5): There could be unique properties of humans - e.g. the possession of government-issued ID and ability to interface with systems that require that - that gives humans as remote workers a unique selling point over AIs. Abstracting "remote work" is dangerous.

6): What if AI research involves figuring out how to optimize hardware? It seems at least conceivable that there will be the need to build out and integrate novel types of infrastructure of the type that can't be done without physical embodiment.

7): What if it's recursive, but with a logarithmic function shape and a coefficient of 0.000...1? Recursive is a category, not a trajectory.

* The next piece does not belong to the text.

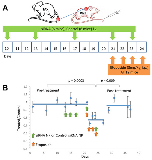 Anti-NF-kB siRNA nanoparticles sensitize tumors to traditional chemotherapy. (A) Scheme of treatment schedules. There are two groups with six mice each receiving NF-κB inhibitory nanoparticle with siRNA of p65 and p100, or saline injection as control and then all 12 mice were received etoposide treatment. (B) Tumor growth was measured in BNX mice injected subcutaneously with tumor cells from primary TAX-LUC tumors treated with saline (control) or NF-κB inhibitory nanoparticle treatment (siRNA) and then with etoposide.

9): Why does benchmark creation have to be autonomous? Can you point to a single instance of an autonomously created benchmark, ever, in the history of humanity? Have any labs announced plans to no longer create their own benchmarks and to instead automate their creation? Where is this assumption coming from and why?

11): This doesn't follow from the prior postulates. You've snuck in a bunch of highly contentious assumptions (the orthogonality thesis, inherent limits to corrigibility, no meaningful regulation or societal response, etc.) in this step.

12): You've snuck in the assumption that the first AI that publicly schemes is smart enough to get away with it. Just because an AI can eventually get away with scheming doesn't mean that the very first time it's tried it will succeed. Consider - do you extend the assumption of perfect-first-time success to humans trying to detect scheming as well?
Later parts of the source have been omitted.